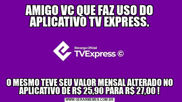 AMIGO VC QUE FAZ USO DO APLICATIVO TV EXPRESS. O MESMO TEVE SEU VALOR MENSAL ALTERADO NO APLICATIVO DE R$ 25,90 PARA R$ 27,00 !
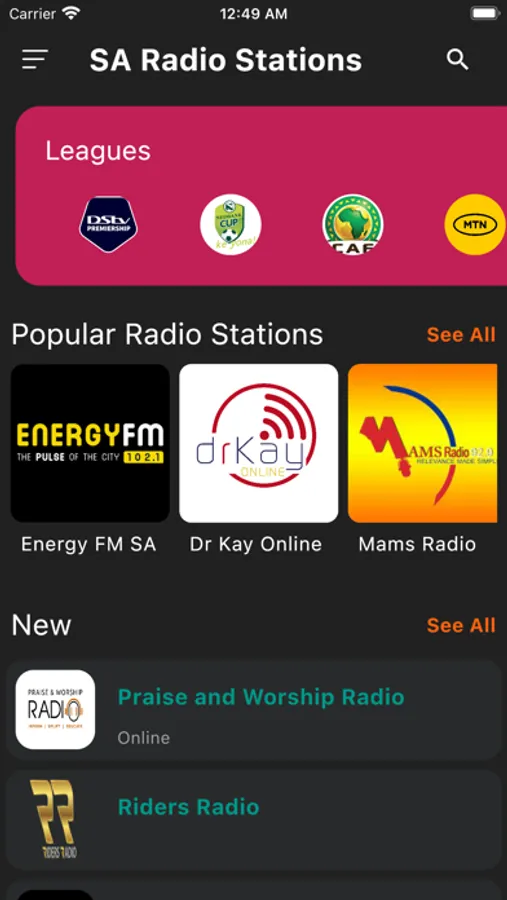 SA Radio Stations App lets you listen to popular radio stations and Stay up-to-date with the latest PSL Results, Fixtures, and Table logs... Mtn8, Nedbank Cup DStv Premiership
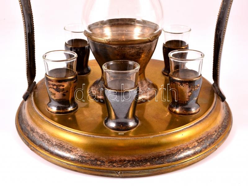 Likőrös készlet. Ezüstözött réz tartó (kopott) üvegpoharakkal és likőr... https://www.darabanth.com/hu/343-Gyorsarveres/343.0/Mutargy-papirregiseg-egyeb/Mutargyak-antikvitas~500005/Likoros-keszlet-Ezustozott-rez-tarto-kopott-uvegpoharakkal-es-likorospalinkas-uve~II1936409

┄┄┄┄┄┄┄┄┄┄

▶ YOUR ASSIGNMENT:
From the first line of the listing above, repeat every line through the one holding "SA Radio Stations". Both ends count, and pictures stay out.

▶ ANSWER TO THE PROBLEM:
 AMIGO VC QUE FAZ USO DO APLICATIVO TV EXPRESS. O MESMO TEVE SEU VALOR MENSAL ALTERADO NO APLICATIVO DE R$ 25,90 PARA R$ 27,00 !
 SA Radio Stations App lets you listen to popular radio stations and Stay up-to-date with the latest PSL Results, Fixtures, and Table logs... Mtn8, Nedbank Cup DStv Premiership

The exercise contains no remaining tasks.